■ **WHAT THE TASK ASKS**: Starting at the line below that contains "IC 5146, auch" and ending at the line that contains "This modern dining", retype each line exactly as it stands, but omit the pictures.

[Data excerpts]
----
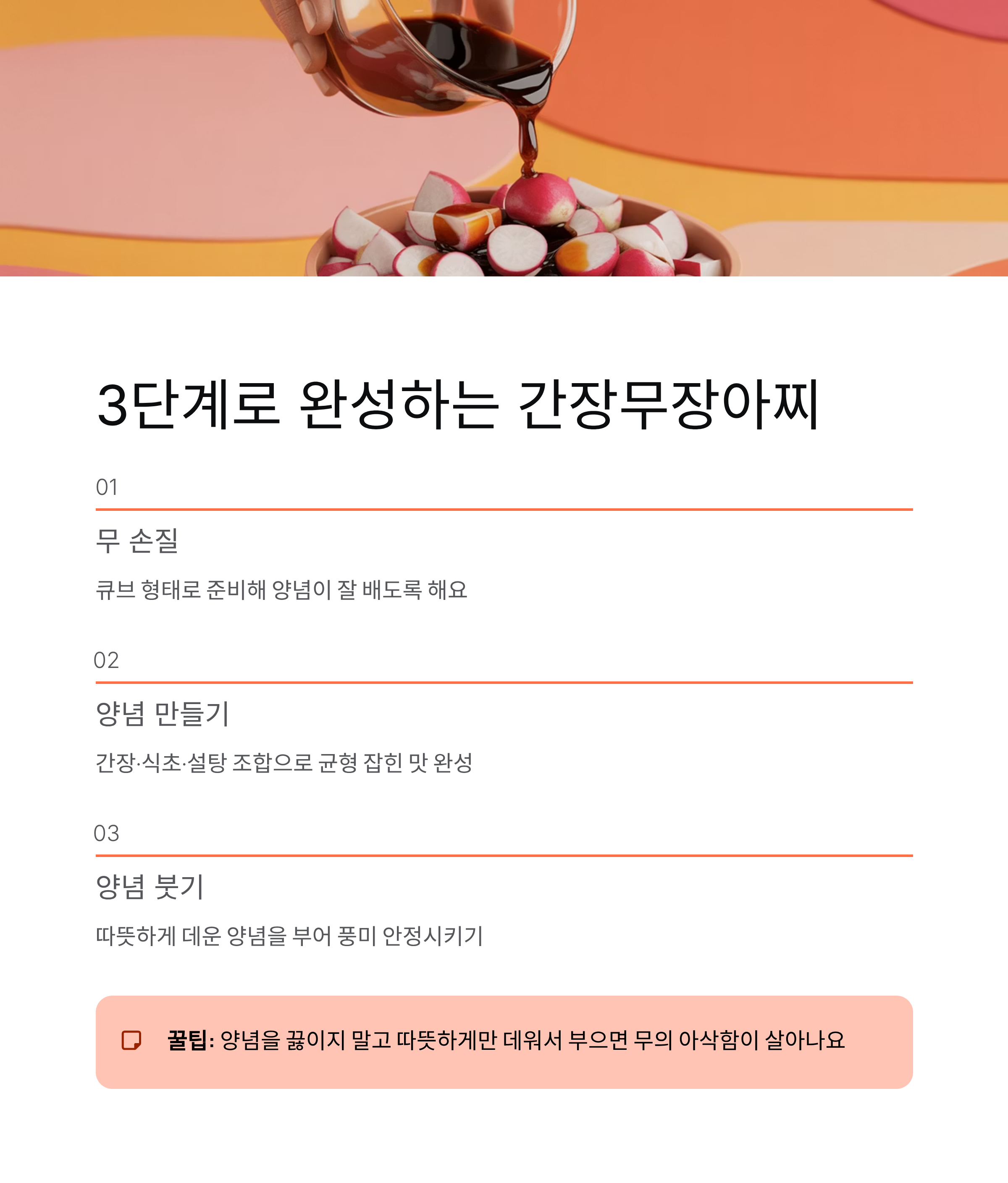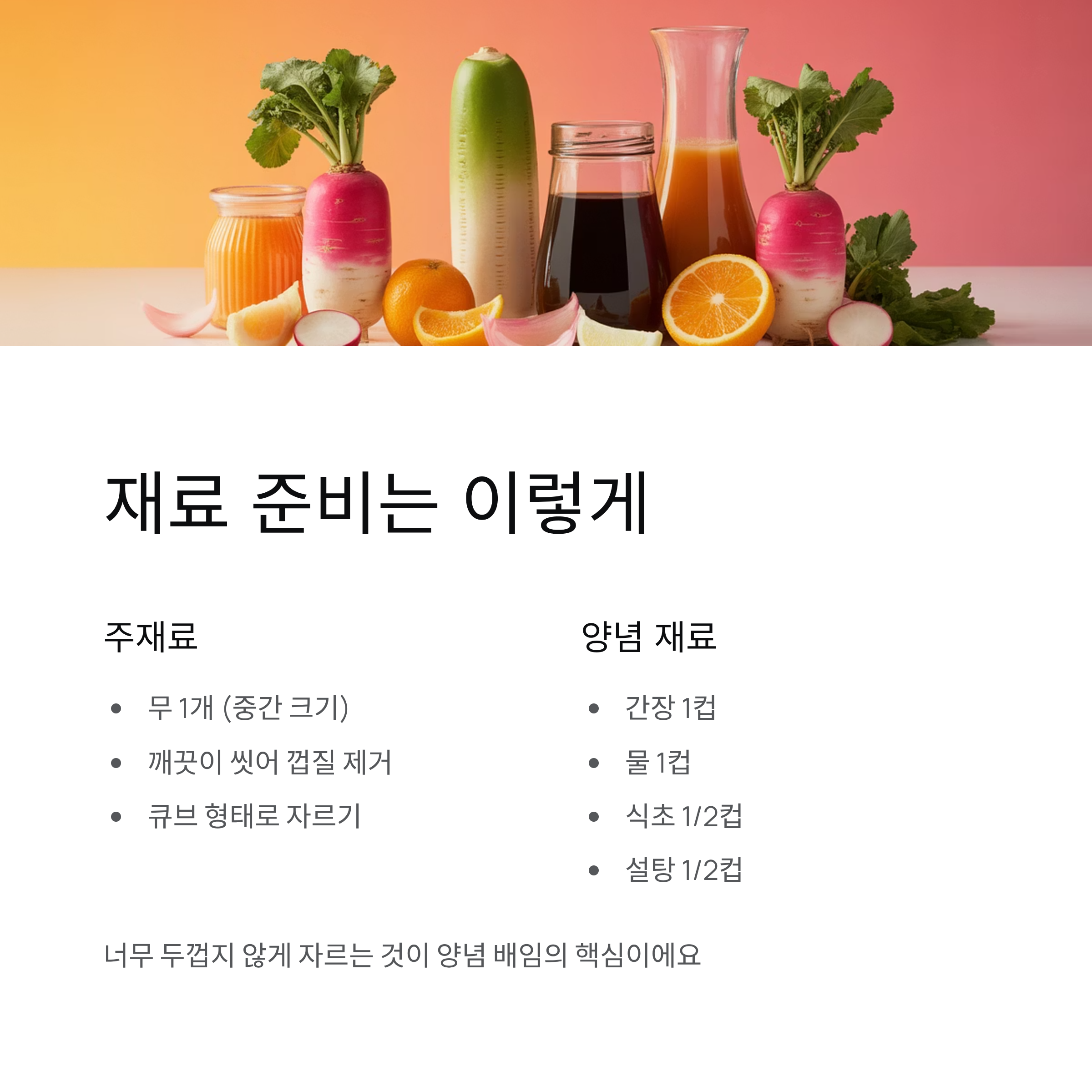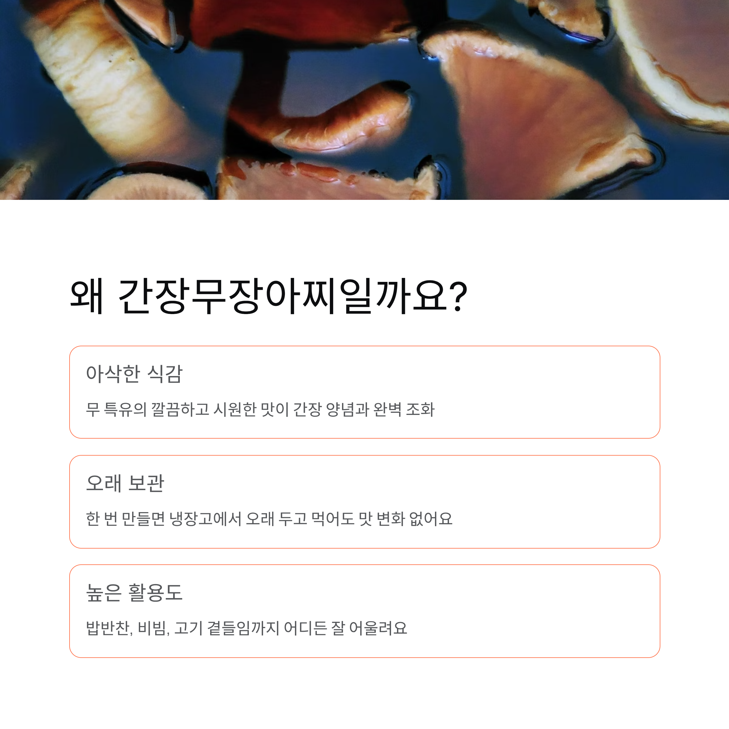 무는 기본적으로 아삭하고 깔끔한 맛이 있어 간장 양념과 잘 어울려요. 장아찌로 만들면 식감이 더 살아나고, 오래 두고 먹어도 맛이 크게 변하지 않아 반찬으로 활용도가 높아요. 한 번 만들어두면 다양한 식탁에 자연스럽게 어울립니다.
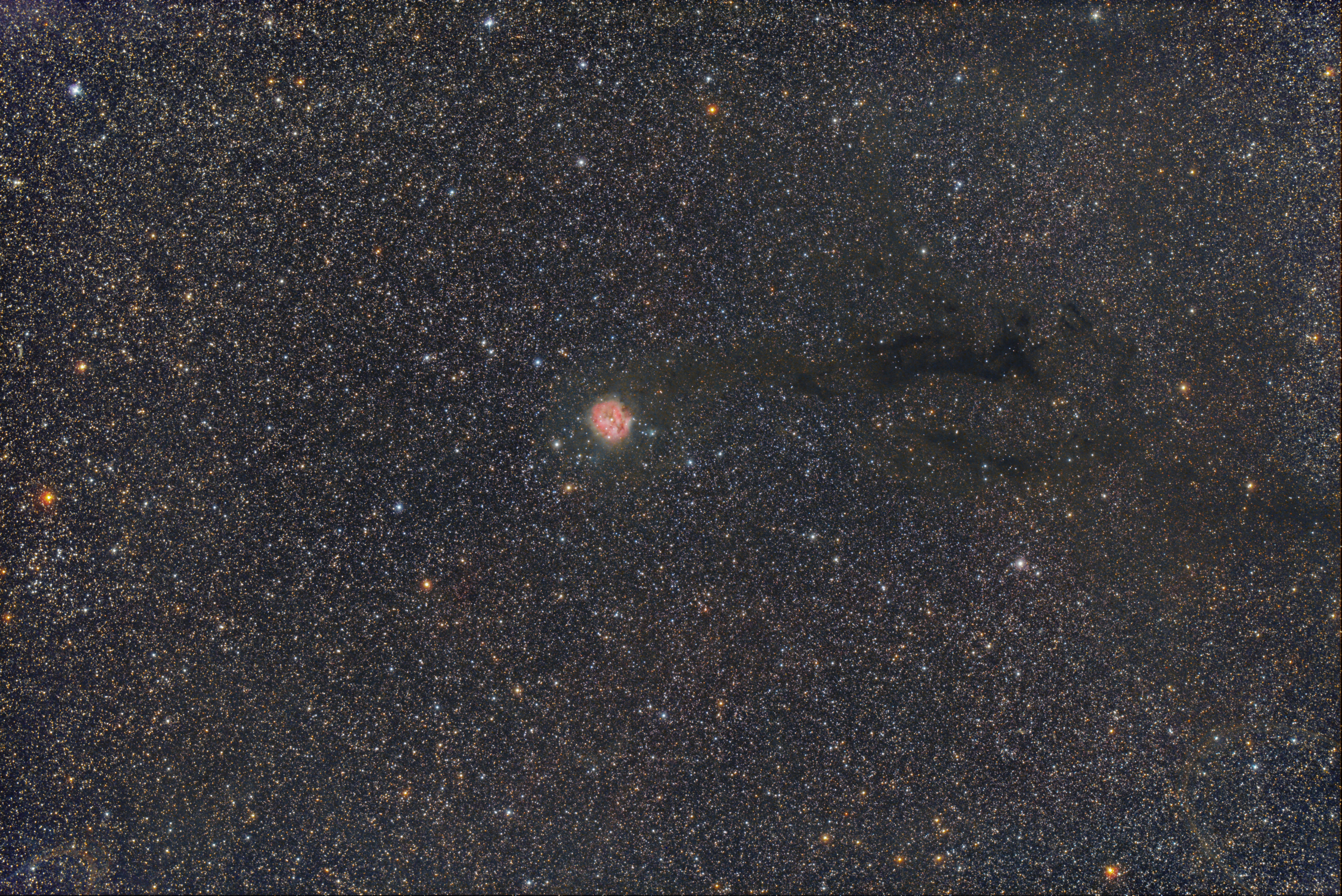 IC 5146, auch als Kokonnebel bezeichnet, liegt im Sternbild Schwan.
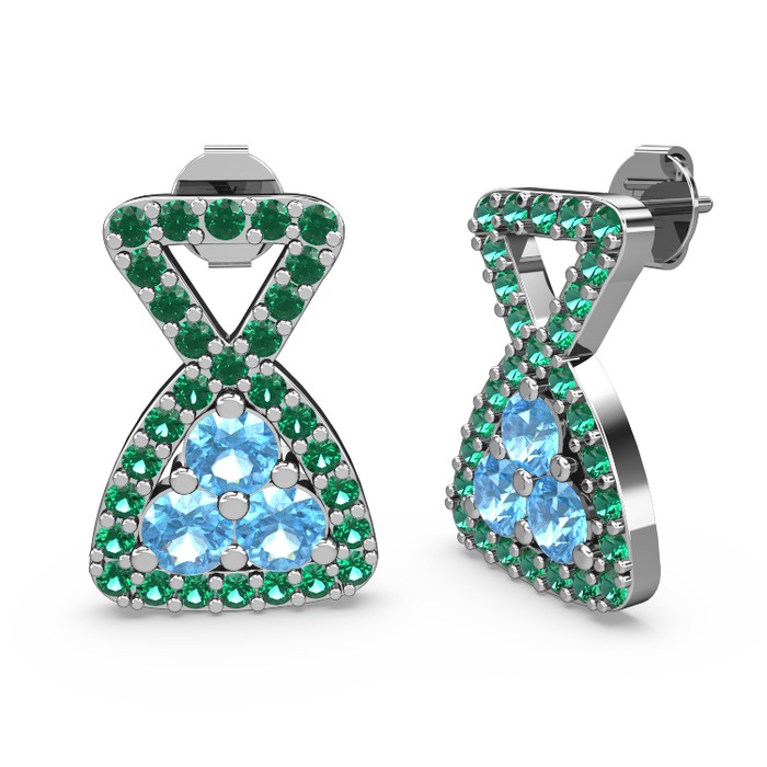Yeşil kuvars ve akuamarin 18 ayar beyaz altın küpe
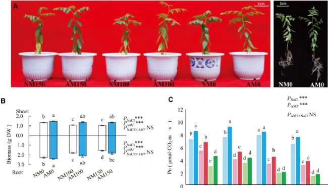 1. AM提高宿主幼苗的耐鹽性結(jié)果顯示,相比于NM,AM共生情況下幼苗的鹽脅迫效應(yīng)更弱。此外發(fā)現(xiàn),AM共生顯著提高了鹽脅迫下宿主的生物量、凈光合速率和抗氧化系統(tǒng)。
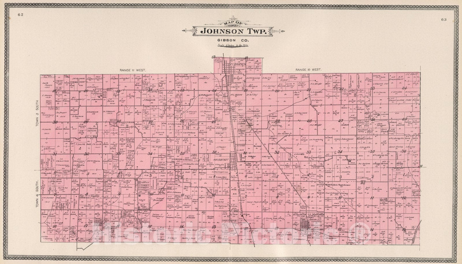Historic Map : 1899 Johnson Township, Gibson County, Indiana. - Vintage Wall Art
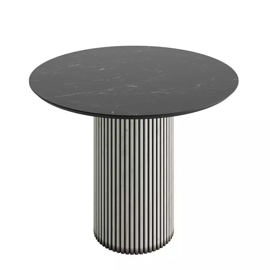 This modern dining table has a stylish round top made of black marble with a light veining pattern. The base is cylindrical and made of vertical grooved elements in gray color, which adds texture and sophistication. Ideal for minimalist, modern or loft interiors.
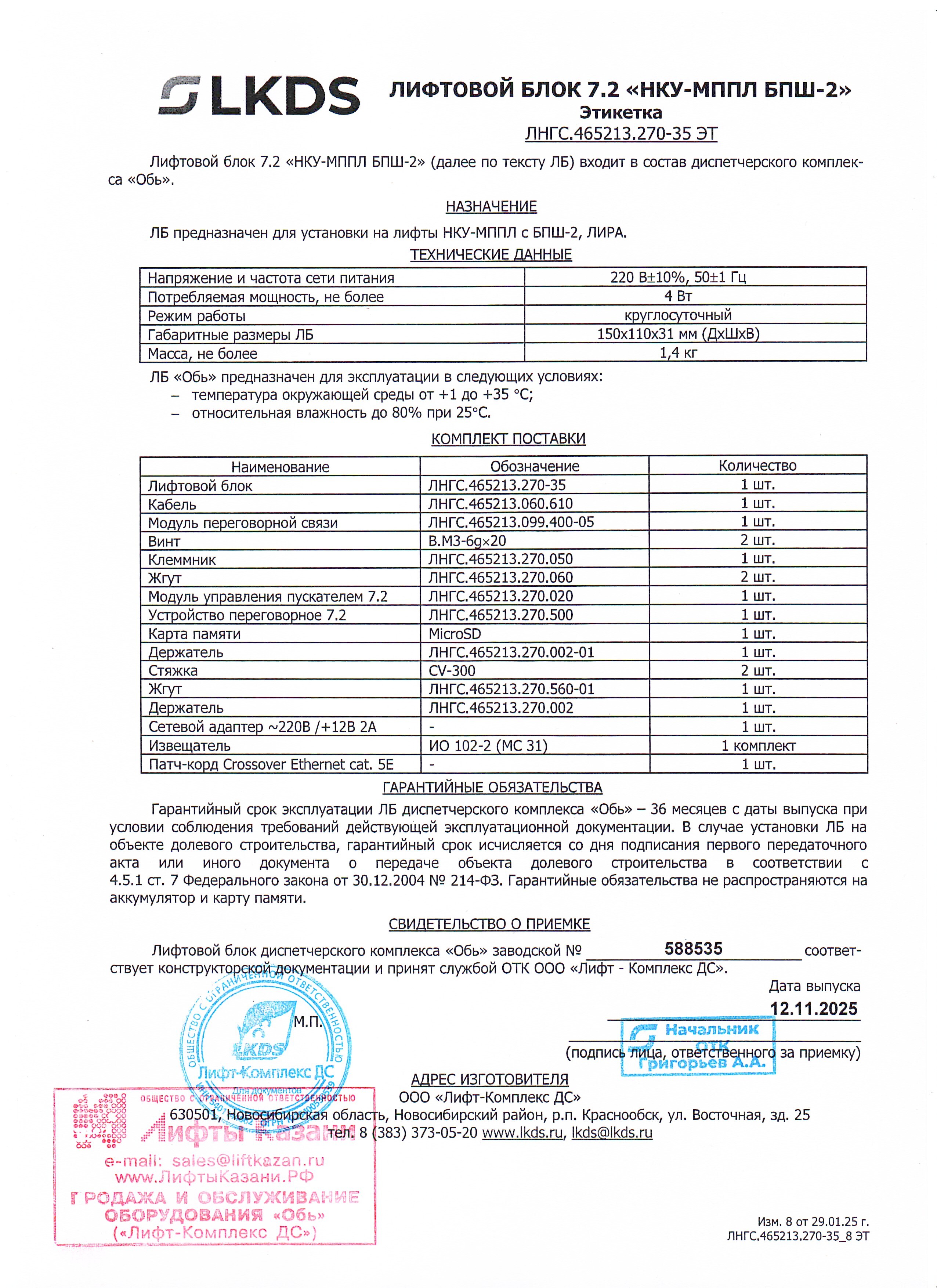 - подаёт сигнал при обнаружении неисправностей и возникновении опасных ситуаций, поскольку такая функция также предусмотрена в лифтовом блоке версии 7.2 «НКУ-МППЛ БПШ-2» ЛНГС.465213.270-35;
----
■ **EXPECTED ANSWER**:
 IC 5146, auch als Kokonnebel bezeichnet, liegt im Sternbild Schwan.
Yeşil kuvars ve akuamarin 18 ayar beyaz altın küpe
 1. AM提高宿主幼苗的耐鹽性結(jié)果顯示,相比于NM,AM共生情況下幼苗的鹽脅迫效應(yīng)更弱。此外發(fā)現(xiàn),AM共生顯著提高了鹽脅迫下宿主的生物量、凈光合速率和抗氧化系統(tǒng)。
Historic Map : 1899 Johnson Township, Gibson County, Indiana. - Vintage Wall Art
 This modern dining table has a stylish round top made of black marble with a light veining pattern. The base is cylindrical and made of vertical grooved elements in gray color, which adds texture and sophistication. Ideal for minimalist, modern or loft interiors.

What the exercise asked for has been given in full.